Выбрать главу

Пожимаю плечами.

– Ещё у тебя таскать начал.

Неопределённо хмыкает, и я заставляю себя повернуться.

Каморка ничтожно маленькая, метра два от двери до задней стенки, а сейчас и вовсе…

Но не подходит. Соблюдает дистанцию, держит руки при себе.

Разглядываю его, пытаясь разобрать, что изменилось, но по всему выходит только, что стал чуть шире в плечах, да толстовка плотнее облепляет бицепс. Кто-то заперся в качалке?

Нужные слова упорно не идут, на языке горький никотиновый привкус.

Начинаю жалеть, что поддался, что послушался глупого писклявого голоса, который так уверенно нашёптывал, что всё ещё, что действительно, что правда, что…

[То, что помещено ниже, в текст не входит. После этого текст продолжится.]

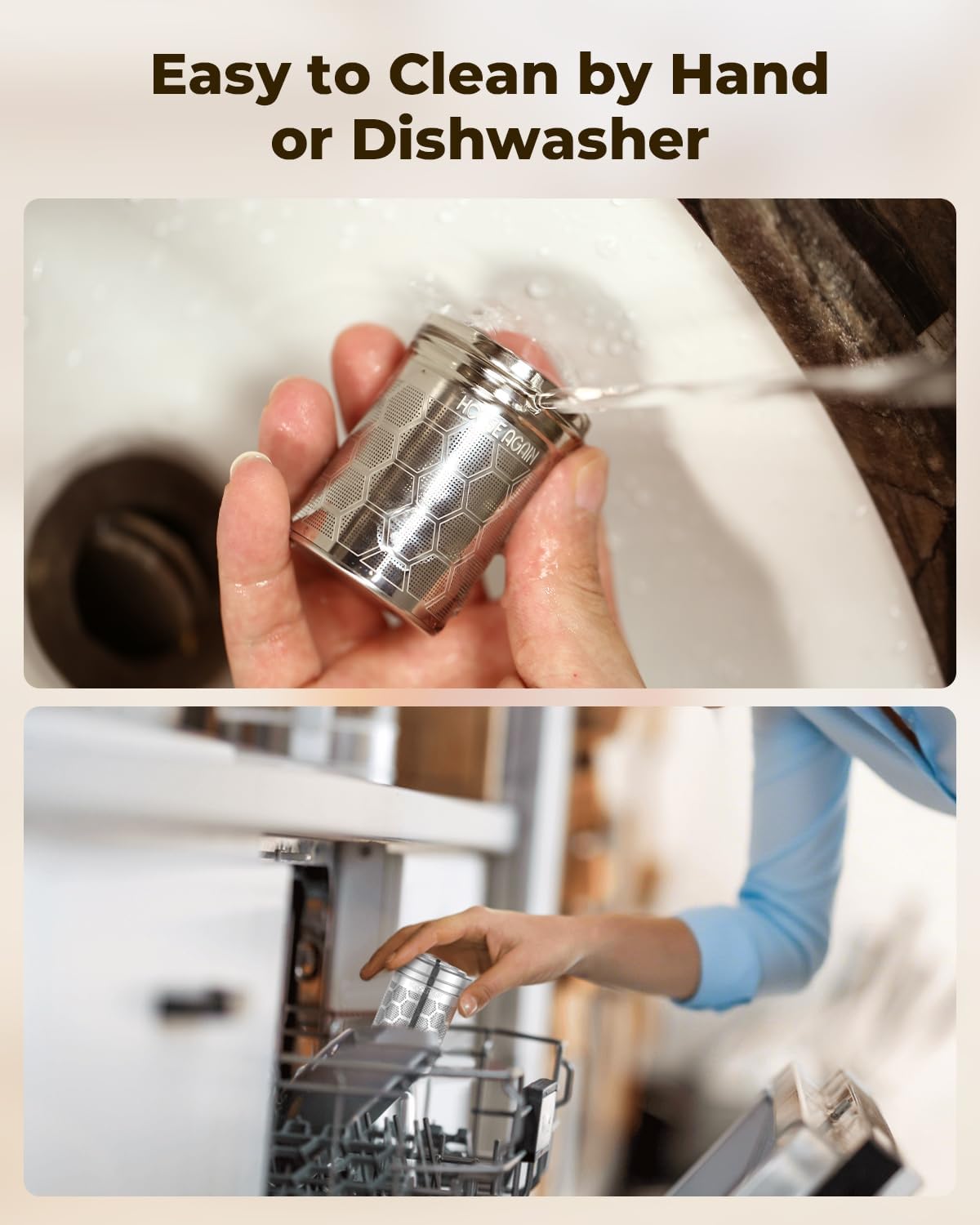 - Easy to Use & Clean: Our updated threaded lid screws on effortlessly, ensuring a tight, secure seal to lock in all tea particles— leaving no particles out of the top during brewing! After use, these loose tea strainers clean up quickly with water or in the dishwasher

Затягиваюсь пару раз и протягиваю ему сигарету:

– Хочешь?

Отказывается, медленно покачав головой из стороны в сторону. Неловко хмыкаю в ответ и отвожу взгляд.

Вытаскивает руку из кармана болтающегося на плечах свободного балахона и, словно проверяя на колкость, проводит пальцами по шее и подбородку.

И снова, даже при свете единственной тусклой лампочки без плафона вижу эти рубленые выпуклые полоски.

А не пошло бы оно всё, а? Хуже не будет. Лучше тоже.

Шагаю вперёд первым и, прежде чем уберёт, перехватываю его руку. Стискиваю запястье и подношу поближе к лицу. Его остаётся нечитаемым, только равнодушно следит за мной из-под прикрытых век.

Много, рваные, плотные, на фалангах и ладони. На фалангах…

– Сожми, – прошу, и он, не меняясь в лице, легко подчиняется. Только вот средний и указательный почти не гнутся – сухожилия повреждены.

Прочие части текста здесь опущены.